Starting with the line that holds "Patio ParasolPatio Parasol", reproduce each line through the last one of the data, exactly as written. Pictures are not copied.

Stored dataset items:

- Opening Delimiter -

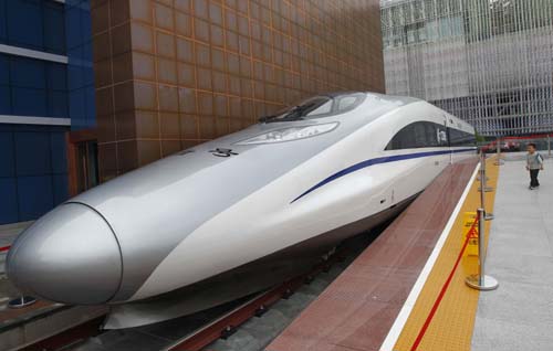 由中國南車集團股份有限公司制造的新一代高速動車組列車被放置在世博園中國鐵路館外。這種帶有CRH380A標志的新一代高速動車組,最高運行時速可達380公里,是目前世界上商業運營速度最快、科技含量最高的高速列車。據介紹,京滬高鐵建成之后,該型號列車將在京滬兩地之間運行。
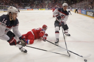 В начале третьего периода у американцев снова отличился Фрэнк Ватрано, забросивший шайбу на 44-й минуте. На это десять минут спустя ответил Сергей Мозякин, также сделавший дубль.
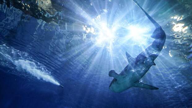 К подводному скутеру прикрепили камеру GoPro и настроили ее на обычную для акул скорость.
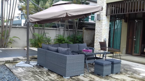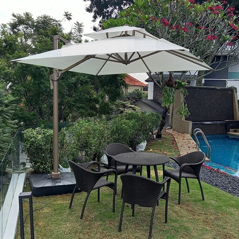 Patio ParasolPatio Parasol Many designs of patio parasols are stocked at decon, those are multi-functional parasols can tit and turn 360 degree, some are with middle pole and wooden frames, and some are with side poles with powder coated aluminum frame, we are parasols with many prices from Ringgit Malaysia three hundred till three thousand ringgit Malaysia.
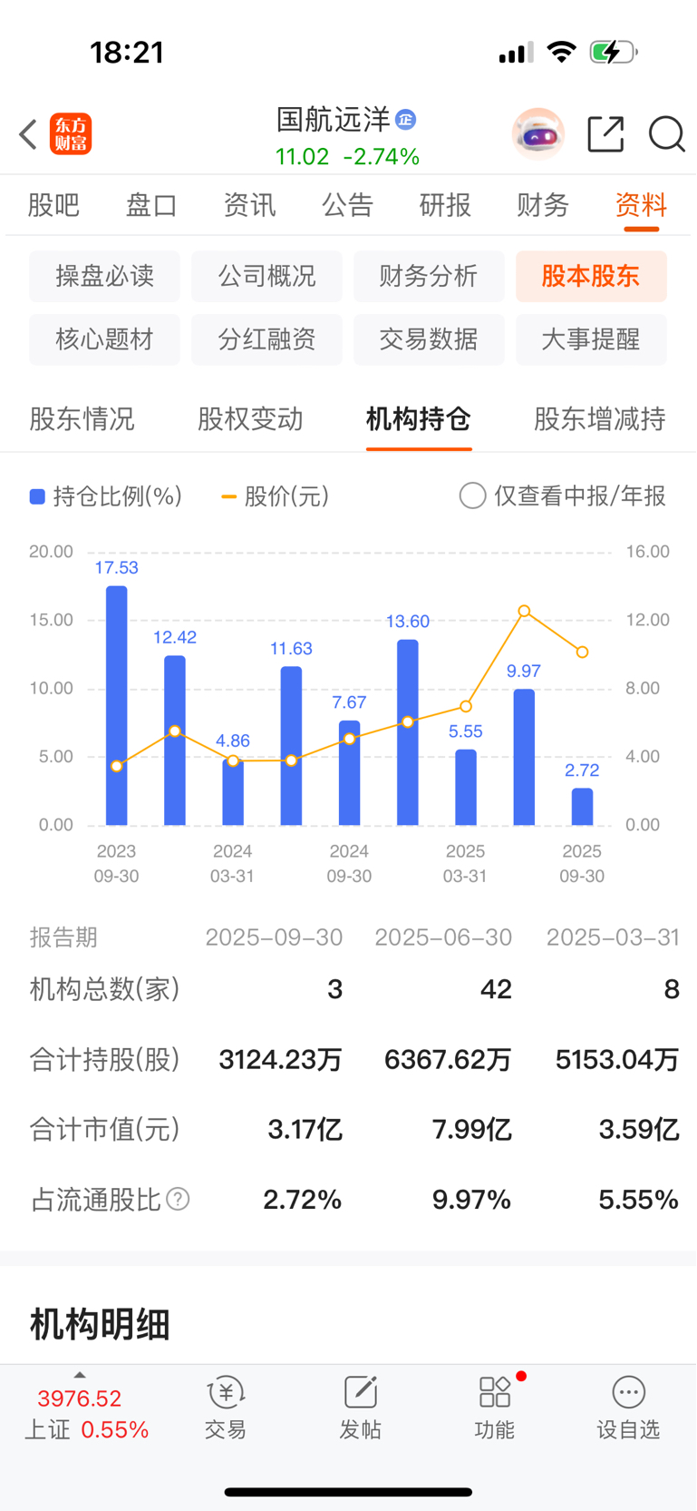 $国航远洋(SZ920571)$ 一共就3家机构在里面拿了这点股份!谁会拉上去给大家吃肉?全是韭菜和姓王和姓林一家人的股份!6月份涨那么多因为机构要跑路了!现在机构跑完了,剩下一地鸡毛!
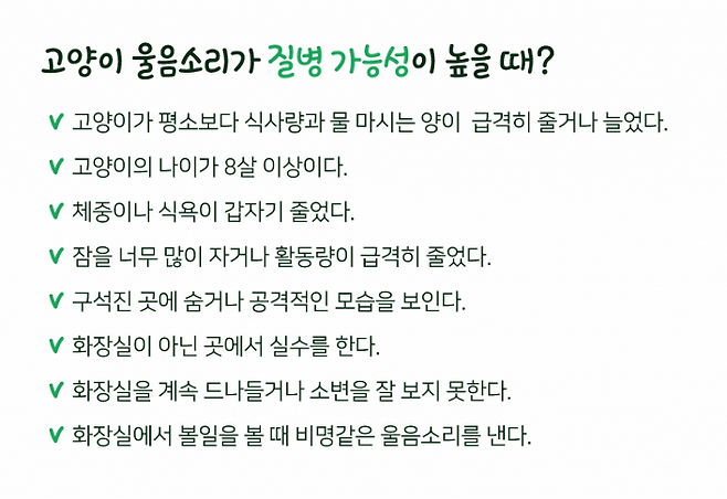 단순히 우는 것이 아니라 어딘가 몸이 불편하거나 질병일 가능성이 있습니다. 고양이의 울음소리에는 다양한 이유가 있을 수 있으니 행동이나 컨디션을 잘 살피는 것이 중요해요!
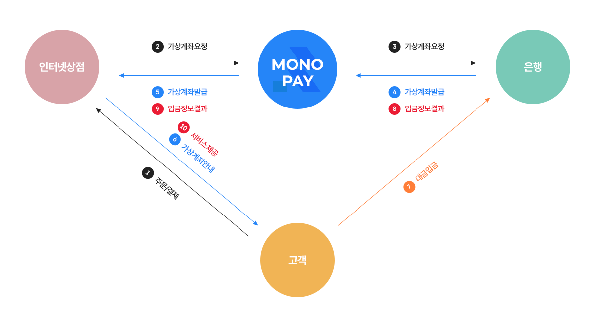 원하는 은행의 1회성 계좌번호를 부여받아 해당 계좌로 입금하는 방식입니다.
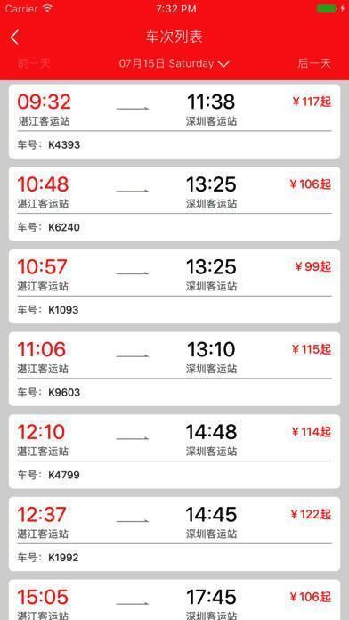 3、时刻表查询:汽车时刻表一键查询,票价、车型、行驶里程一目了然;
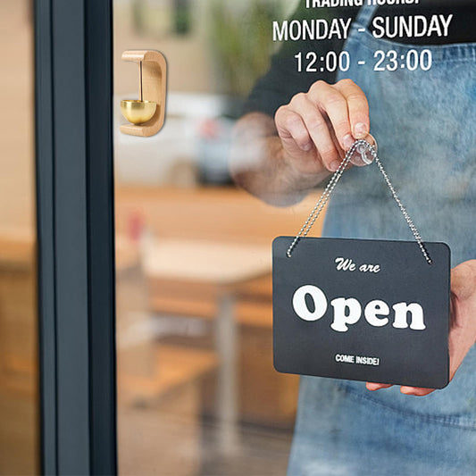Magnetic Shopkeepers Bell, Decorative Wooden Chime with Brass Bell,with Self-Adhesive for Front Porch, Wall, Garden, Shop, Housewarming Gift, C Shape (2, Light)

- Closing Delimiter -

» **Written reply**:
 Patio ParasolPatio Parasol Many designs of patio parasols are stocked at decon, those are multi-functional parasols can tit and turn 360 degree, some are with middle pole and wooden frames, and some are with side poles with powder coated aluminum frame, we are parasols with many prices from Ringgit Malaysia three hundred till three thousand ringgit Malaysia.
 $国航远洋(SZ920571)$ 一共就3家机构在里面拿了这点股份!谁会拉上去给大家吃肉?全是韭菜和姓王和姓林一家人的股份!6月份涨那么多因为机构要跑路了!现在机构跑完了,剩下一地鸡毛!
 단순히 우는 것이 아니라 어딘가 몸이 불편하거나 질병일 가능성이 있습니다. 고양이의 울음소리에는 다양한 이유가 있을 수 있으니 행동이나 컨디션을 잘 살피는 것이 중요해요!
 원하는 은행의 1회성 계좌번호를 부여받아 해당 계좌로 입금하는 방식입니다.
 3、时刻表查询:汽车时刻表一键查询,票价、车型、行驶里程一目了然;
Magnetic Shopkeepers Bell, Decorative Wooden Chime with Brass Bell,with Self-Adhesive for Front Porch, Wall, Garden, Shop, Housewarming Gift, C Shape (2, Light)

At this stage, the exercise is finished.